## WORK ITEM
Print, exactly as they appear in the listing below, the lines from the line with "Том Корли (автор" to the line with "70's Tan Lined", with both end lines kept.

## RECORDS SUPPLIED
^^^^
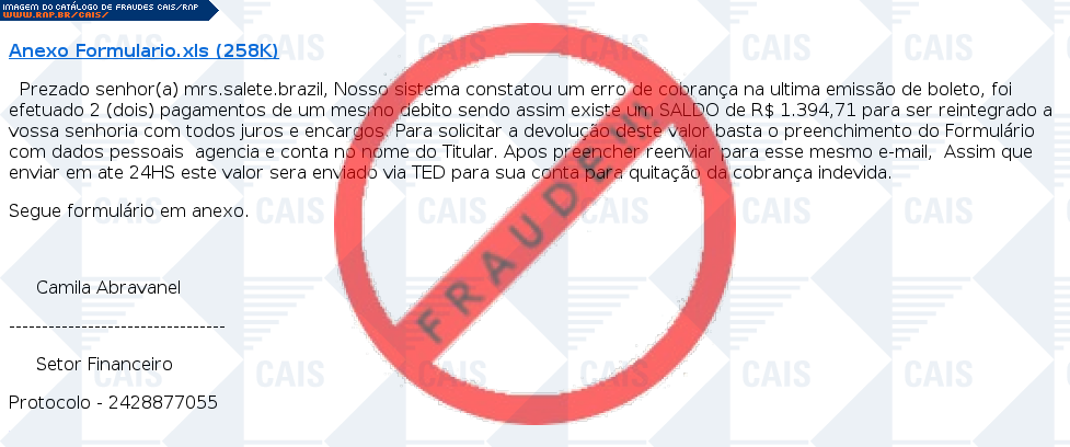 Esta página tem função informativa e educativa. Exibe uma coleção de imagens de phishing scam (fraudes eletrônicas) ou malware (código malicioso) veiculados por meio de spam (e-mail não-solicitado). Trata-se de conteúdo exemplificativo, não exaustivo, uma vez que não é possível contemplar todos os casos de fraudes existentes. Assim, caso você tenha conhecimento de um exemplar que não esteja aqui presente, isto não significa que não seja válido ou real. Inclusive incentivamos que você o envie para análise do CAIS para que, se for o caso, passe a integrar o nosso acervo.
^^^^
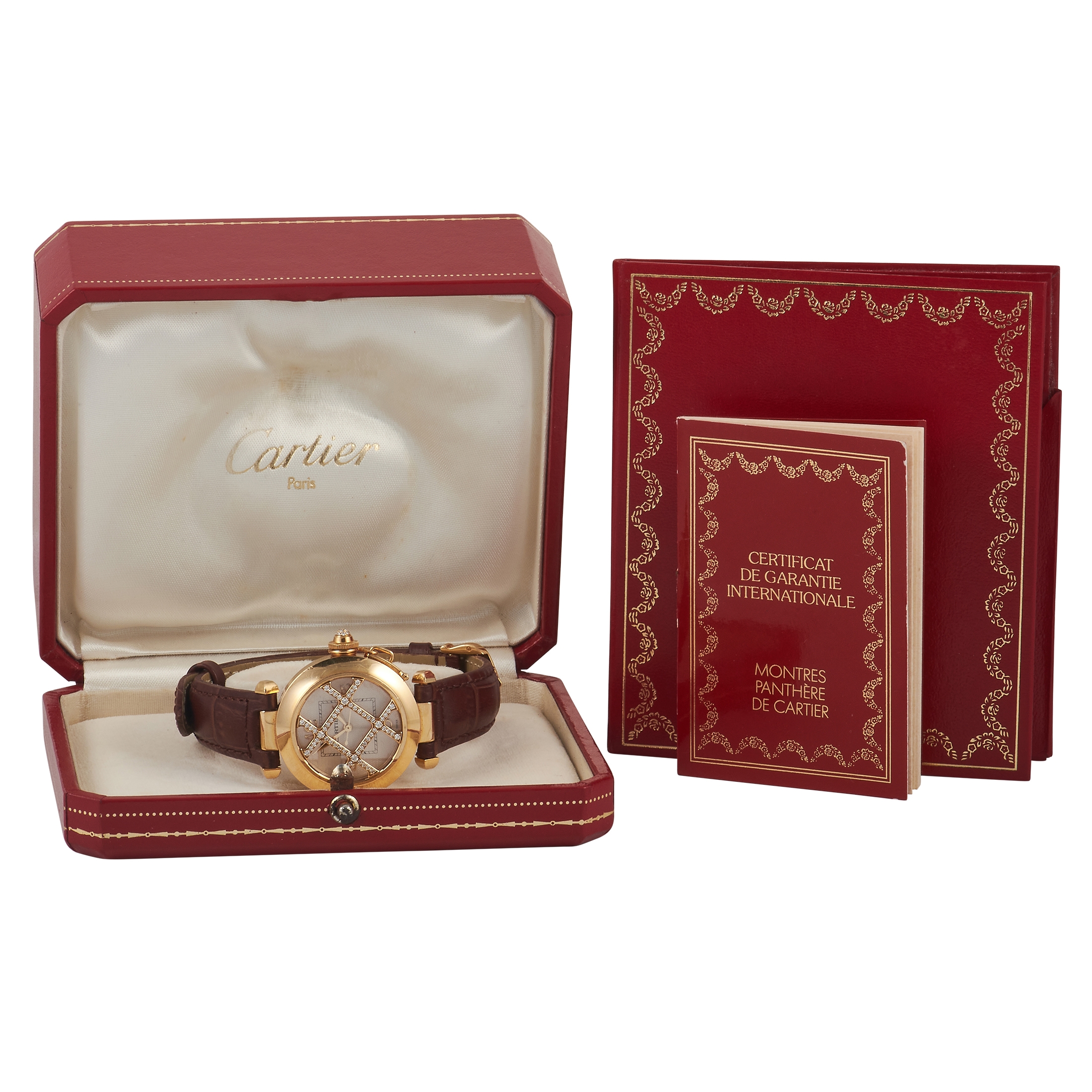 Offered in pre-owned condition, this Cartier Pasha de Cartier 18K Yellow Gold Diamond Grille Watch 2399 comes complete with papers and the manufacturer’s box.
^^^^
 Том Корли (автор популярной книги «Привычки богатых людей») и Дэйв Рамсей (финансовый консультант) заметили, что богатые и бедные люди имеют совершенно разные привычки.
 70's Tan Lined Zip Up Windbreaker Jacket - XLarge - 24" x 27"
^^^^
## SOLUTION TO THE EXERCISE
 Том Корли (автор популярной книги «Привычки богатых людей») и Дэйв Рамсей (финансовый консультант) заметили, что богатые и бедные люди имеют совершенно разные привычки.
 70's Tan Lined Zip Up Windbreaker Jacket - XLarge - 24" x 27"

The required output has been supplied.